* _Task directions_: Begin with the line holding "尾曲 薄毛さんの総格は35画の4点!" and end with the last line of the records below. Set down exactly those lines and leave out every picture.

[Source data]

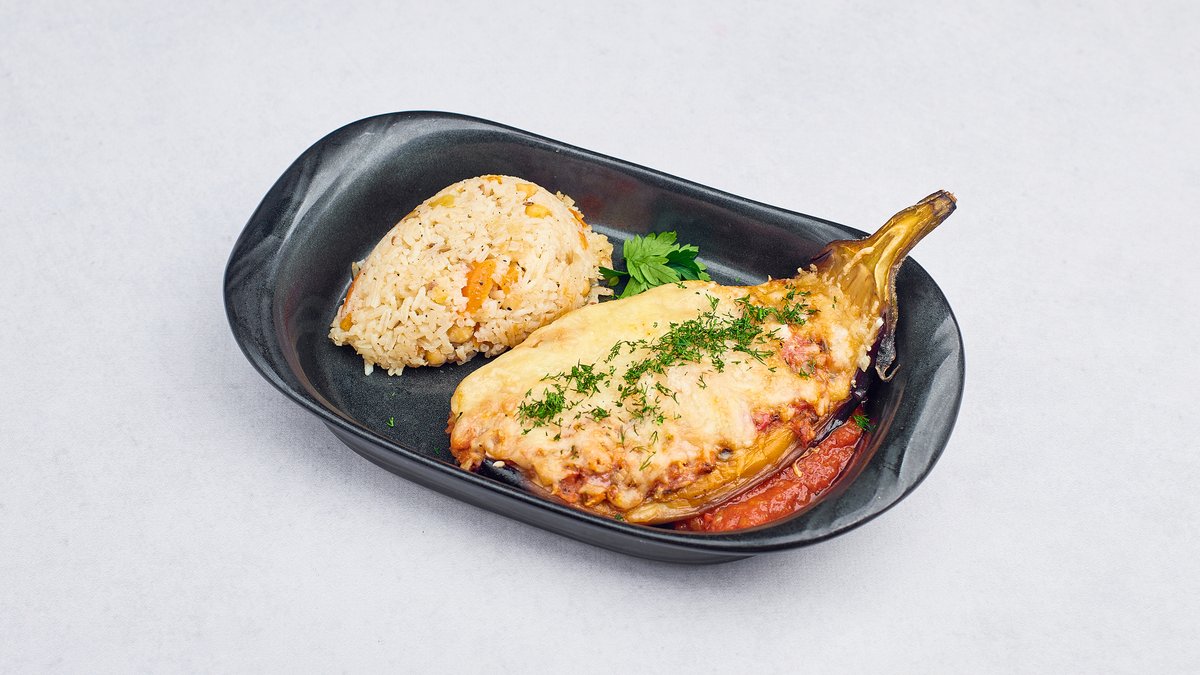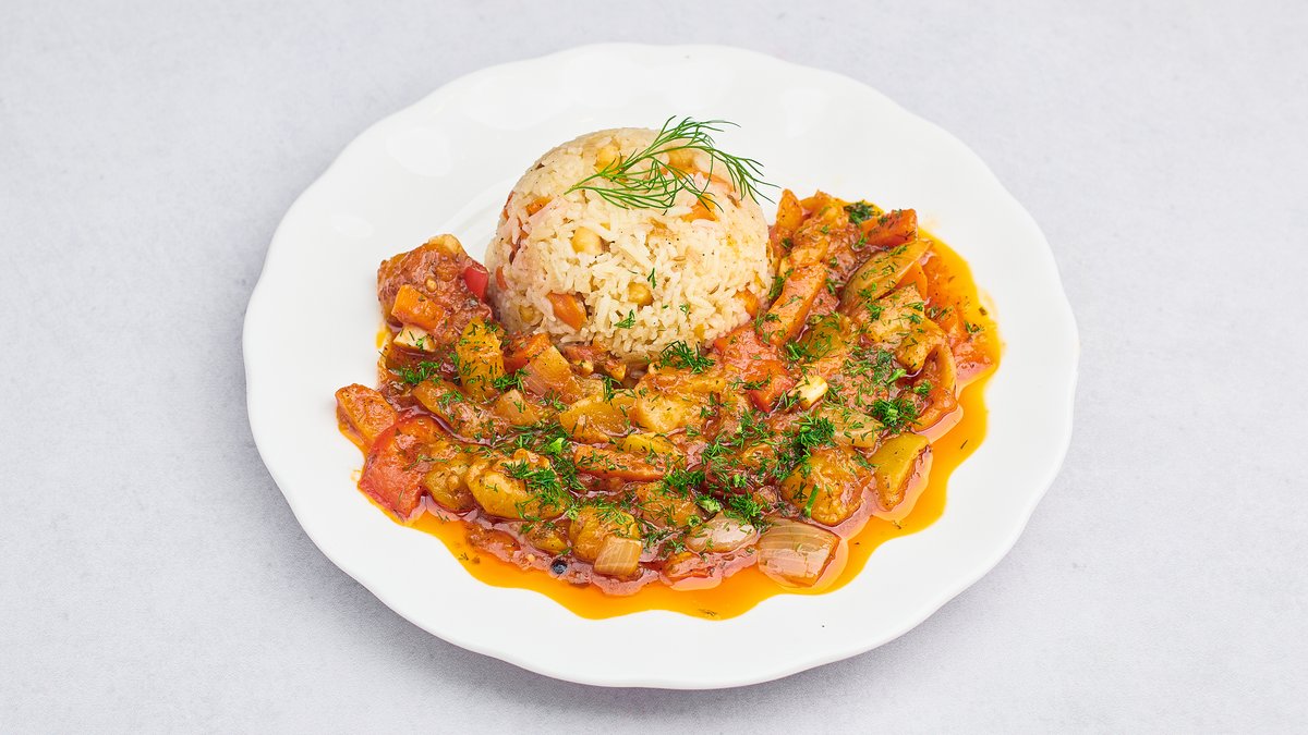 Ryż, bakłażan, marchew, cebula, papryka, pomidor, dodatek
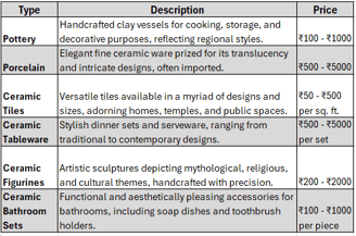 Economic Livelihood: The ceramic industry provides employment opportunities to a vast number of artisans and workers across the country, sustaining livelihoods and preserving traditional crafts.
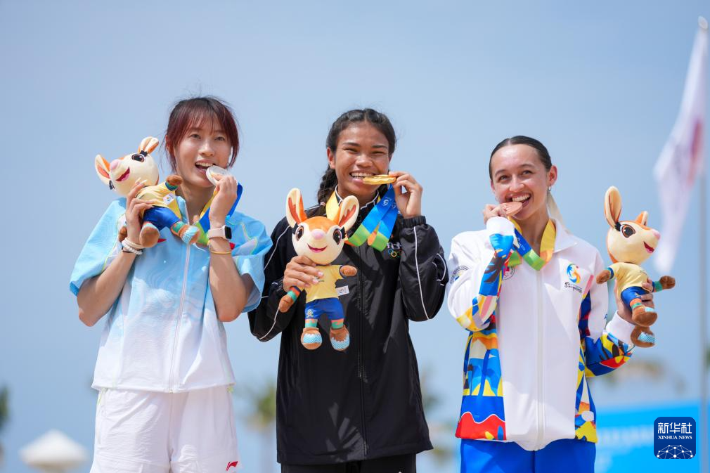 4月25日,冠军泰国选手吉拉帕·卡农塔(中)、亚军中国选手许佳璐(左)、季军菲律宾选手杰西卡·罗斯·劳伦斯在颁奖仪式上。
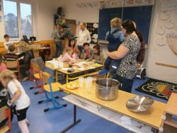 Dnešní předvánoční setkání s rodiči proběhlo v příjemné atmosféře. Zazpívali jsme si vánoční písničku. Děti vyráběly s rodiči vánoční přání podle vlastní fantazie. Někteří si ozdobili stromeček z papíru. Všichni jsme se naladili na přicházející vánoční svátky.
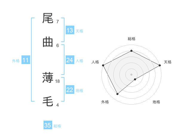 尾曲 薄毛さんの総格は35画の4点!
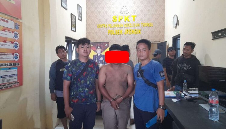 Tidak berselang lama, Anggota dari Kepolisian Polsek Jrengik tiba di lokasi kejadian dan mengamankan terduga pelaku lalu di bawa ke Mapolsek Jrengik. Taufik Kanit Reskrim Polsek Jrengik melalui pesan Whatsapp mengatakan ” benar, kami telah mengamankan satu orang laki-laki berinisial AR, yang di duga melakukan tindak pidana pencurian dengan pemberatan (Curat), saat di interogasi terduga pelaku mengatakan tinggal di Dusun Panggung, Sampang.” Jelasnya, saat di konfirmasi oleh awak media lintasnetworkmedia.com.
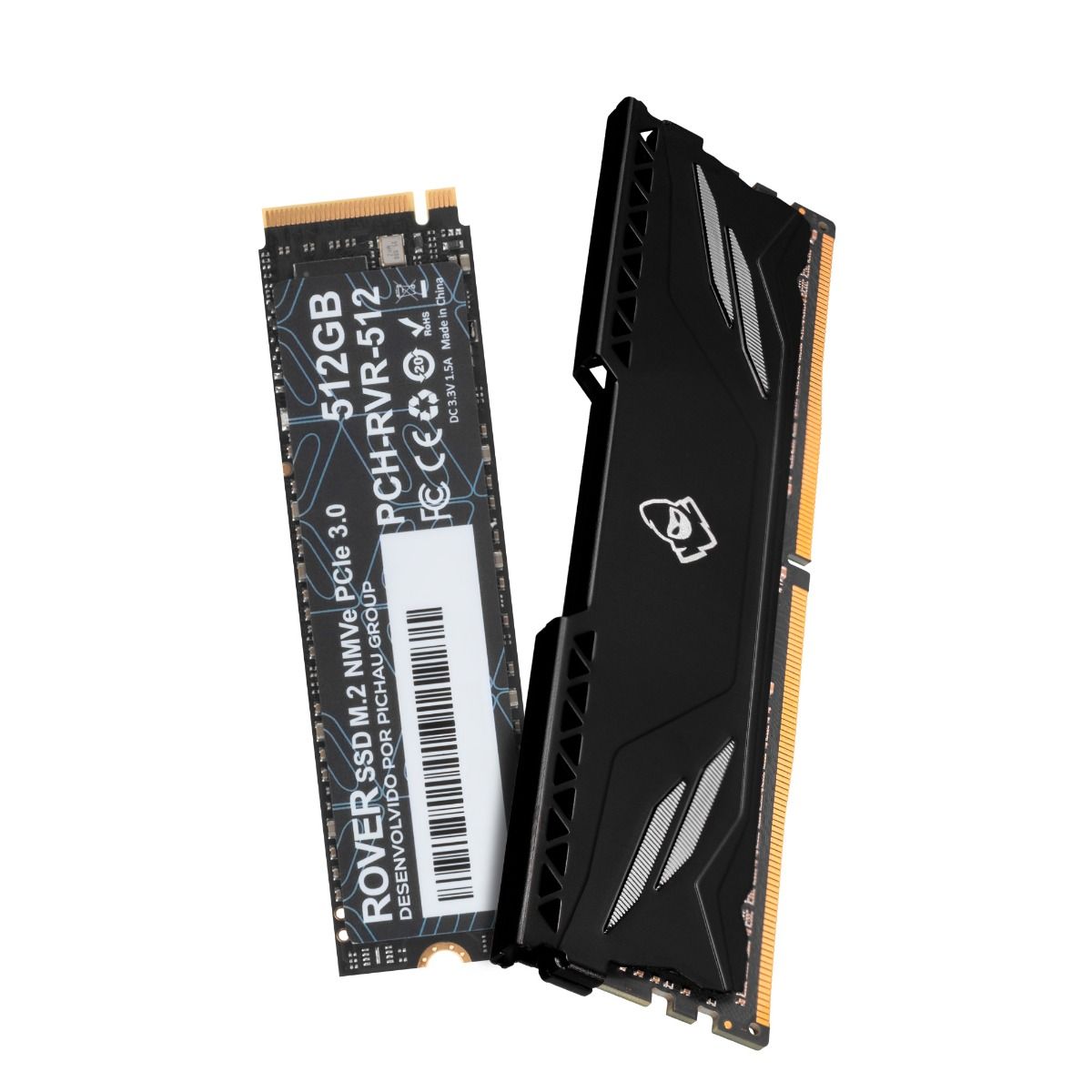 Kit SSD Pichau Rover, 512GB, M.2 2280, PCIe NVMe, Leitura 2100 MB/s, Gravacao 1400 MB/s, Memoria Mancer Dantalion Z, 8GB (1x8GB), DDR4, 3200MHz, C16

* _Your solution_:
 尾曲 薄毛さんの総格は35画の4点!
 Tidak berselang lama, Anggota dari Kepolisian Polsek Jrengik tiba di lokasi kejadian dan mengamankan terduga pelaku lalu di bawa ke Mapolsek Jrengik. Taufik Kanit Reskrim Polsek Jrengik melalui pesan Whatsapp mengatakan ” benar, kami telah mengamankan satu orang laki-laki berinisial AR, yang di duga melakukan tindak pidana pencurian dengan pemberatan (Curat), saat di interogasi terduga pelaku mengatakan tinggal di Dusun Panggung, Sampang.” Jelasnya, saat di konfirmasi oleh awak media lintasnetworkmedia.com.
 Kit SSD Pichau Rover, 512GB, M.2 2280, PCIe NVMe, Leitura 2100 MB/s, Gravacao 1400 MB/s, Memoria Mancer Dantalion Z, 8GB (1x8GB), DDR4, 3200MHz, C16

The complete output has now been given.